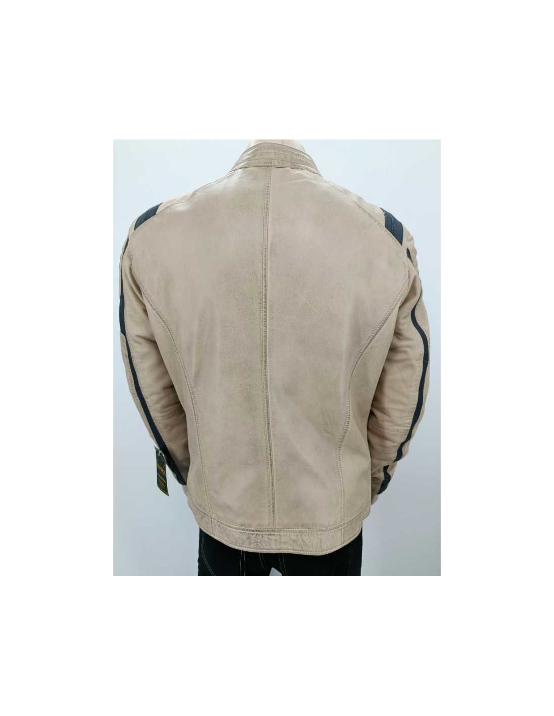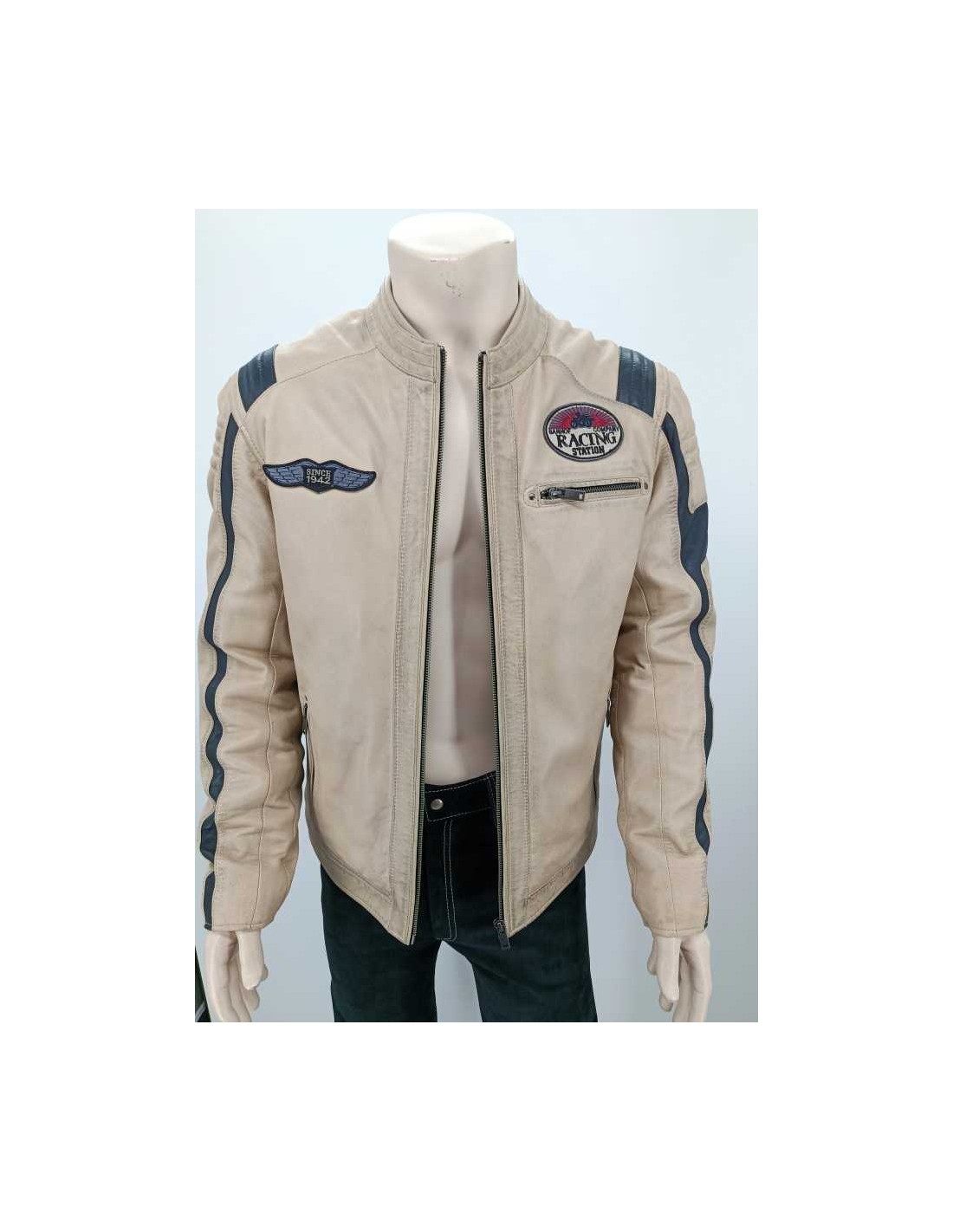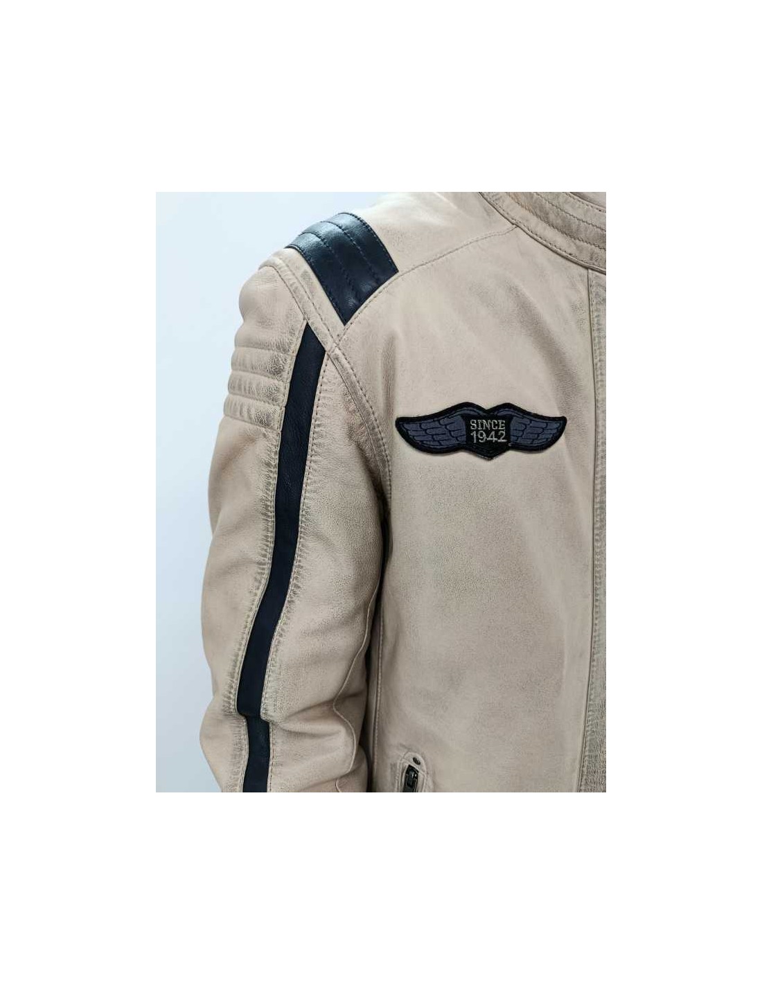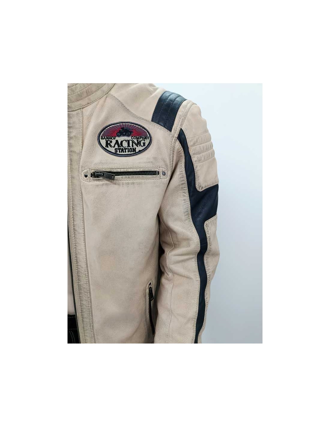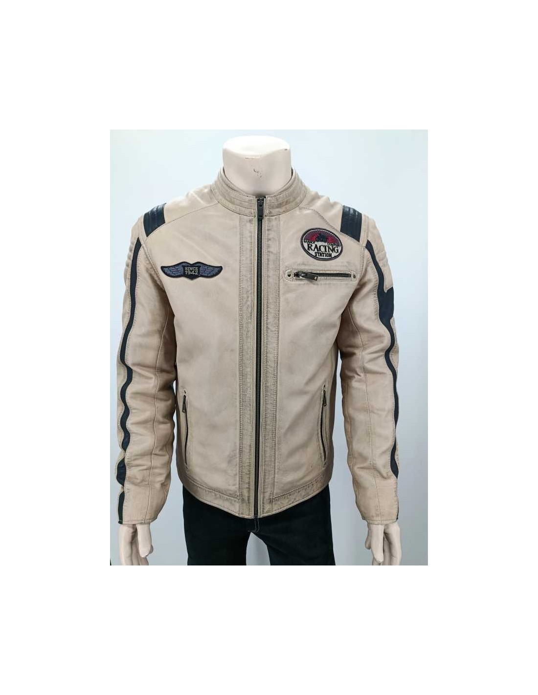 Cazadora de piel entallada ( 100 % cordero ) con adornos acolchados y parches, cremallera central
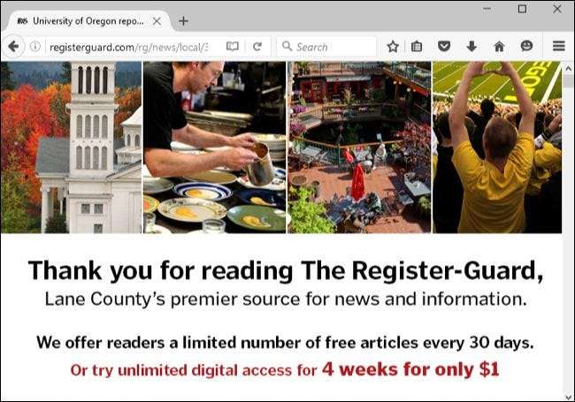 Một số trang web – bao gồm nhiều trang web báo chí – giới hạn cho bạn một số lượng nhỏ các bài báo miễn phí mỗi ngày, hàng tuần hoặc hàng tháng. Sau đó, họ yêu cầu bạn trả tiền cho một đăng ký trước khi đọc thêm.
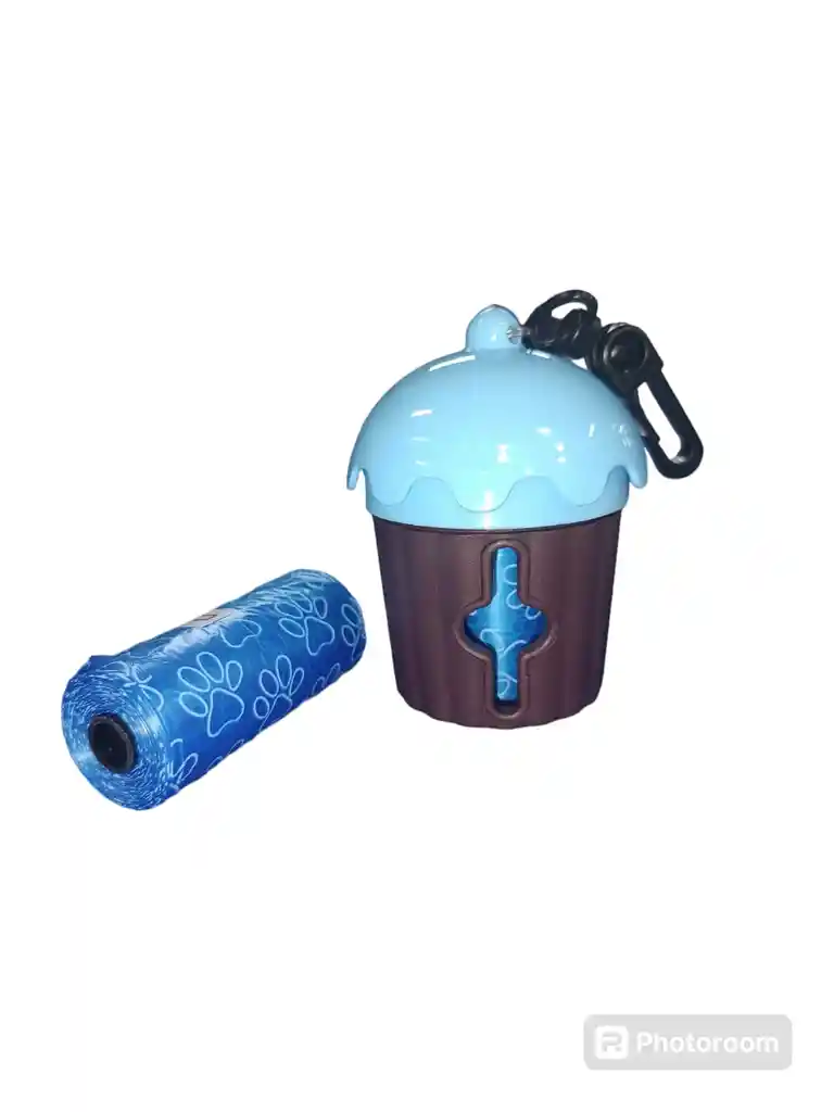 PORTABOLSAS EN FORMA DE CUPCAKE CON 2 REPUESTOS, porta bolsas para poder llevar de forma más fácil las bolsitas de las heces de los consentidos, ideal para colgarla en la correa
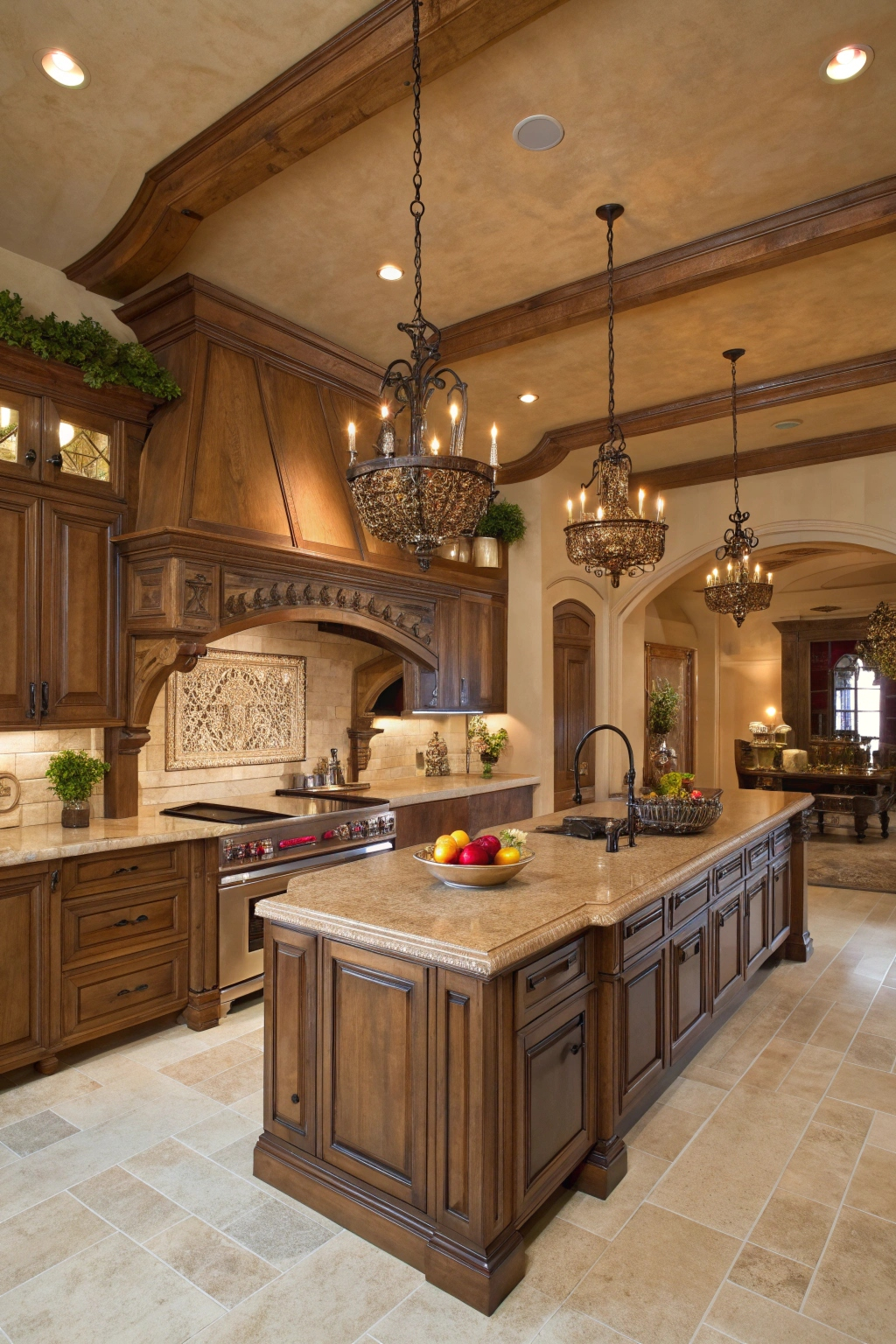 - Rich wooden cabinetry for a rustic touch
┄┄┄┄┄┄┄┄┄┄┄┄┄┄┄┄┄┄┄┄
ABOUT THIS TASK - Exclude the images and reproduce the remaining data exactly.

TASK RESPONSE -
 Cazadora de piel entallada ( 100 % cordero ) con adornos acolchados y parches, cremallera central
 Một số trang web – bao gồm nhiều trang web báo chí – giới hạn cho bạn một số lượng nhỏ các bài báo miễn phí mỗi ngày, hàng tuần hoặc hàng tháng. Sau đó, họ yêu cầu bạn trả tiền cho một đăng ký trước khi đọc thêm.
 PORTABOLSAS EN FORMA DE CUPCAKE CON 2 REPUESTOS, porta bolsas para poder llevar de forma más fácil las bolsitas de las heces de los consentidos, ideal para colgarla en la correa
 - Rich wooden cabinetry for a rustic touch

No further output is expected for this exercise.